A DESCRIPTION OF THE PROBLEM :
Using the javax security from an EAR inside an application server results into having a strong reference to the EAR's class loader.

Undeploying the EAR will leave the EAR in memory due to the strong reference to the EAR's class loader.

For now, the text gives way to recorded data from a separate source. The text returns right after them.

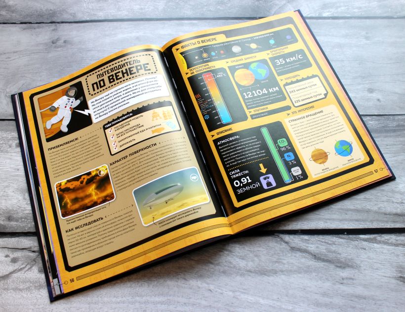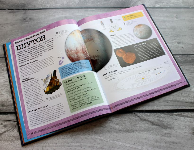 Это невероятно красочное издание входит в ТОП-100 лучших в мире книг по астрономии рейтинга Amazon. Оно посвящено одной из самых захватывающих тем — нашей Вселенной. А ещё у энциклопедии есть удивительный секрет: она светится в темноте! Читатели узнают, как образовались разные небесные тела, в чём секрет природных явлений, наблюдаемых в небе, как находить невооружённым глазом различные созвездия и планеты и многое другое. Карты небесных полушарий и сделанные своими руками астрономические инструменты помогут каждому мастерски ориентироваться в самых загадочных уголках звёздного неба! А разглядеть объекты Солнечной системе во всей их красе позволят большие и яркие фотографии. Книга будет интересна и полезна как школьникам, так и взрослым любителям космоса. Она отлично подходит для изучения всей семьёй и послужит идеальным подарком по любому поводу!
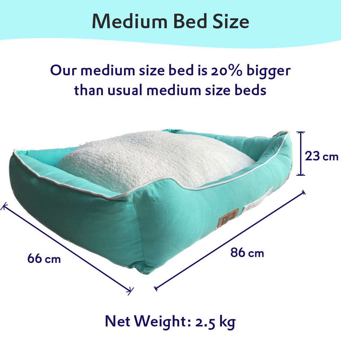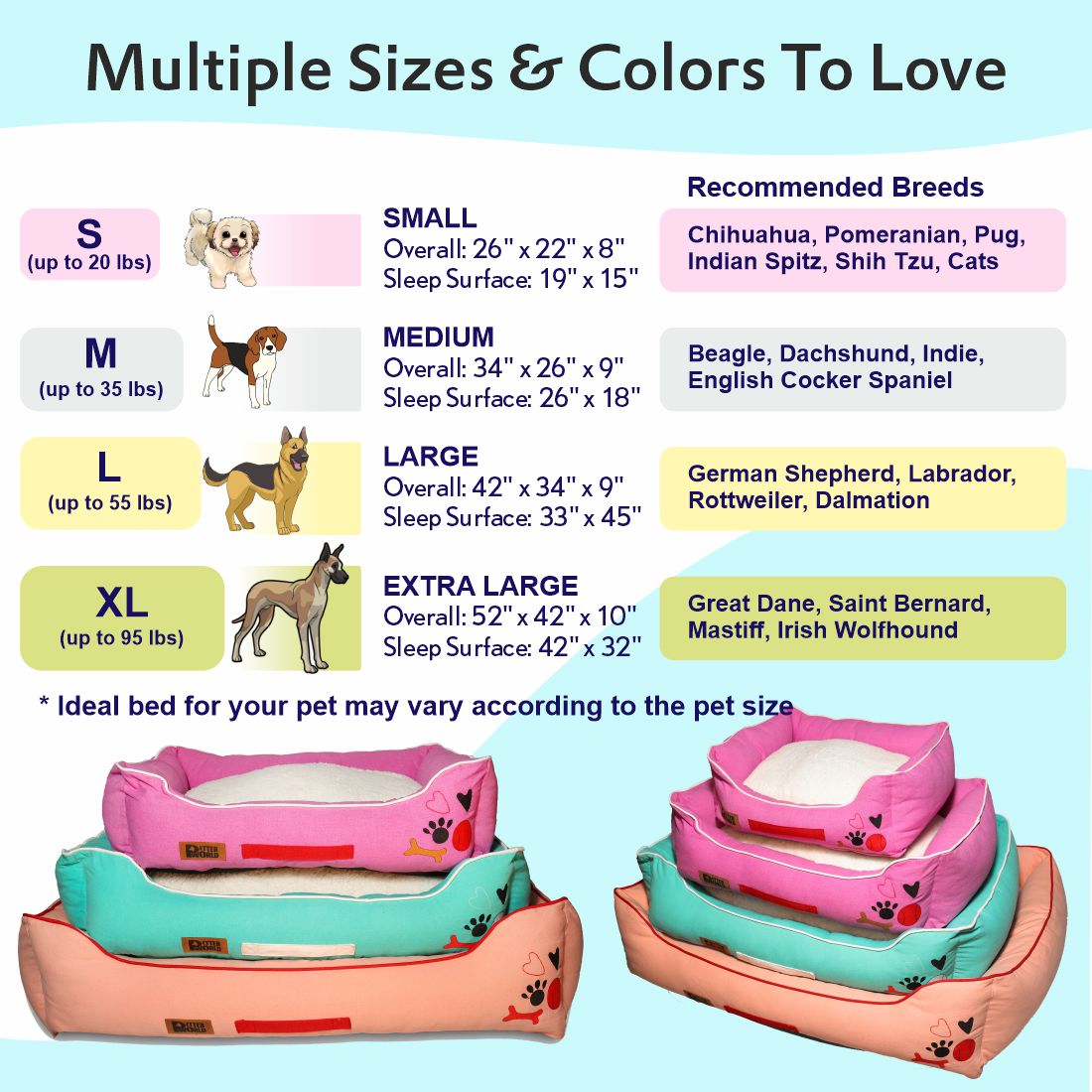 Our comfortable and stylish Lounger Beds are a classic addition to your Pet wardrobe. Made from highly durable cotton canvas on the sides and soft Sherpa cushion on top, this bed is soft, roomy and at the same time strong & sturdy. The thick durable fabric provides ample resistance to sharp claws. It is a luxuriously comfortable bed with padded perimeter that provides support and comfort for restful sleep or lounging. It is great for pets of all ages & breeds, and comes available in multiple colors and sizes, so you can select the right bed that suits your home décor as well. Gift your pet a comfortable resting time with our Luxury Lounger Pet Bed.
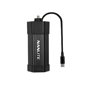 NP-F550バッテリーを使用。100%の明るさで本体の利用可能時間に加え、約70分間単体で使用できます。
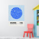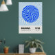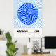 Minimalist Bauhaus-style poster featuring geometric blue circular patterns, advertising the 1923 exhibition held from July to September.

STEPS TO FOLLOW TO REPRODUCE THE PROBLEM :
1. Start clean and empty glassfish
2. Take any EAR which uses javax. security, deploy it and invoke a method which really touches javax.security
3. Undeploy the EAR

Inspect the memory (e.g. using VisualVM): The contextClassloader refers to the EAR's class loader.

Classes are not freed.

EXPECTED VERSUS ACTUAL BEHAVIOR :
EXPECTED -
javax security should not have any reference to an EAR class loader
ACTUAL -
javax security has reference to an EAR class loader

REPRODUCIBILITY :
This bug can be reproduced always.

CUSTOMER SUBMITTED WORKAROUND :
3 levels to workaround:

1. restart the application server every time (costs valuable time)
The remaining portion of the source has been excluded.